*Recorded data:*
=== Begin Enclosure ===
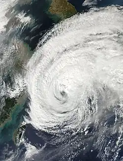 Maintaining peak intensity for over one day, Vongfong began to gradually weaken on October 9, because of an eyewall replacement cycle.[9] On October 10, the structure of the typhoon decayed more, and it totally lost its eye feature on the next day when passing through Okinawa.[10] Due to mid-latitude westerlies, Vongfong's low-level circulation center became partially exposed. The typhoon accelerated east-northeastward on October 12 and made landfall over Kyushu.[11][12] The system continued passing through the main islands of Japan and weakened into a severe tropical storm on October 13, before it became extratropical on October 14.[13][14]
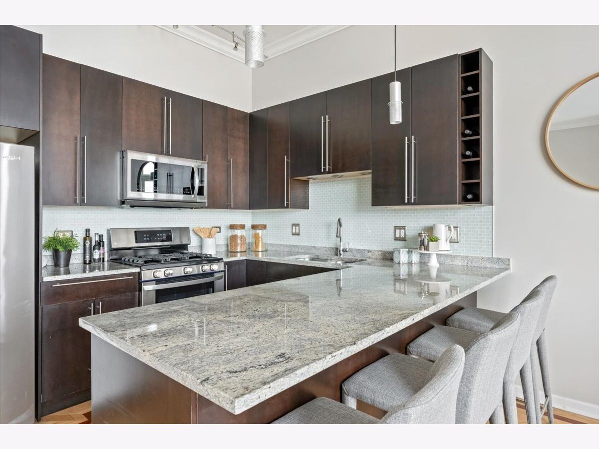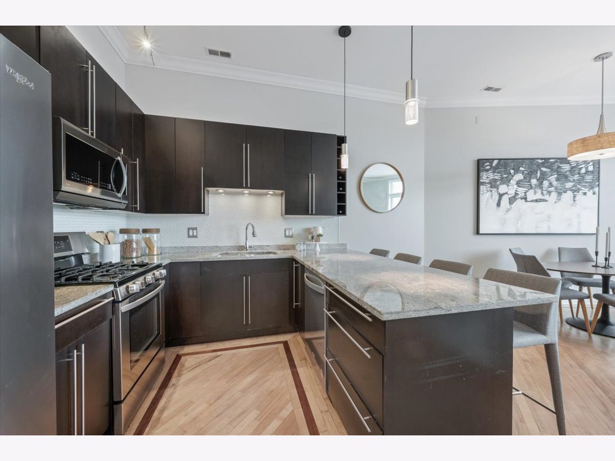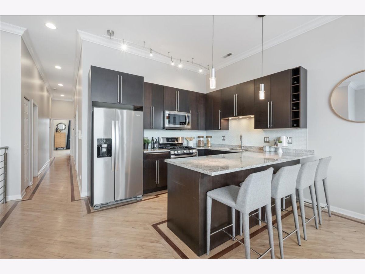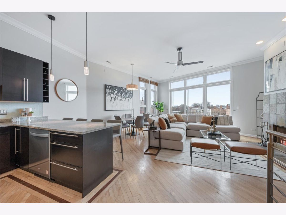 ***Multiple offers received, best and final due Monday, 2/16 at noon.*** Don't miss this sun-drenched top-floor 3-bedroom, 2-bath condo in a thriving West Town location. The spacious, light-filled floor plan features 11' ceilings, crown molding, a private balcony, and hardwood floors throughout. The sleek kitchen offers espresso cabinetry, a granite breakfast bar, glass tile backsplash, and stainless steel appliances. Spa-like baths are finished with stone tile, including a primary suite with double vanity and separate tub and shower. There is ample closet space in every bedroom, a balcony off of the primary suite, a balcony off of the living room, plus a private roof deck with incredible city views to the south and a shared common deck to the north. Wired for surround sound. Two-car tandem parking included. Walk to Smith Park, Metra, and some of the neighborhood's best dining including Kai Zan, Rootstock, Segnatore, and more.
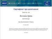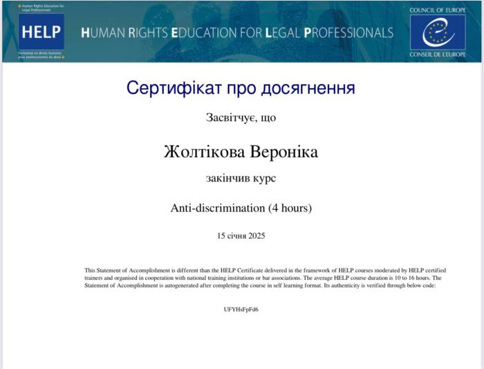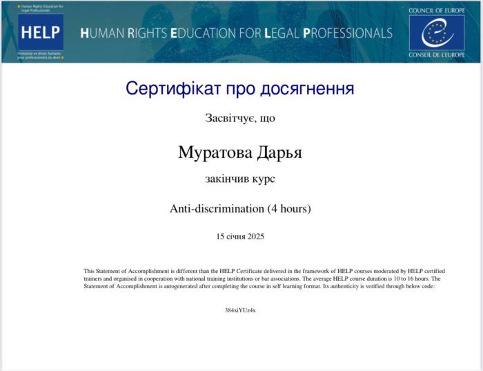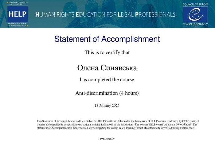 Гарант освітньо-професійної програми першого (бакалаврського) рівня вищої освіти, галузь знань 26 «Цивільна безпека», спеціальність 262 «Правоохоронна діяльність» (правоохоронна діяльність), професорка кафедри правоохоронної діяльності ННІ №5 Олена Синявська та доцентка цієї ж кафедри Дар’я Глушкова разом зі студентками Іриною Лотоцькою, Веронікою Жолтіковою, Дар’єю Муратовою, які здобувають вищу освіту за освітньою програмою першого (бакалаврського) рівня вищої освіти «Правоохоронна діяльність», успішно пройшли курс «Anti-discrimination» від Ради Європи. Курс, який розроблено спеціально для юристів, складається з чотирьох модулів: «Дискримінація щодо осіб з інвалідністю», «Дискримінація за ознакою раси, релігійної приналежності та ін.», «Дискримінація за ознаками сексуальної орієнтації та гендерної ідентичності» та «Дискримінація по відношенню до ромів». Курс містить багато покликань на сучасне законодавство й прецедентне право ЄС і Ради Європи.
=== End Enclosure ===
*Problem requirements:* Please transcribe the whole listing above exactly, with the images left out.

*Completed exercise:*
 Maintaining peak intensity for over one day, Vongfong began to gradually weaken on October 9, because of an eyewall replacement cycle.[9] On October 10, the structure of the typhoon decayed more, and it totally lost its eye feature on the next day when passing through Okinawa.[10] Due to mid-latitude westerlies, Vongfong's low-level circulation center became partially exposed. The typhoon accelerated east-northeastward on October 12 and made landfall over Kyushu.[11][12] The system continued passing through the main islands of Japan and weakened into a severe tropical storm on October 13, before it became extratropical on October 14.[13][14]
 ***Multiple offers received, best and final due Monday, 2/16 at noon.*** Don't miss this sun-drenched top-floor 3-bedroom, 2-bath condo in a thriving West Town location. The spacious, light-filled floor plan features 11' ceilings, crown molding, a private balcony, and hardwood floors throughout. The sleek kitchen offers espresso cabinetry, a granite breakfast bar, glass tile backsplash, and stainless steel appliances. Spa-like baths are finished with stone tile, including a primary suite with double vanity and separate tub and shower. There is ample closet space in every bedroom, a balcony off of the primary suite, a balcony off of the living room, plus a private roof deck with incredible city views to the south and a shared common deck to the north. Wired for surround sound. Two-car tandem parking included. Walk to Smith Park, Metra, and some of the neighborhood's best dining including Kai Zan, Rootstock, Segnatore, and more.
 Гарант освітньо-професійної програми першого (бакалаврського) рівня вищої освіти, галузь знань 26 «Цивільна безпека», спеціальність 262 «Правоохоронна діяльність» (правоохоронна діяльність), професорка кафедри правоохоронної діяльності ННІ №5 Олена Синявська та доцентка цієї ж кафедри Дар’я Глушкова разом зі студентками Іриною Лотоцькою, Веронікою Жолтіковою, Дар’єю Муратовою, які здобувають вищу освіту за освітньою програмою першого (бакалаврського) рівня вищої освіти «Правоохоронна діяльність», успішно пройшли курс «Anti-discrimination» від Ради Європи. Курс, який розроблено спеціально для юристів, складається з чотирьох модулів: «Дискримінація щодо осіб з інвалідністю», «Дискримінація за ознакою раси, релігійної приналежності та ін.», «Дискримінація за ознаками сексуальної орієнтації та гендерної ідентичності» та «Дискримінація по відношенню до ромів». Курс містить багато покликань на сучасне законодавство й прецедентне право ЄС і Ради Європи.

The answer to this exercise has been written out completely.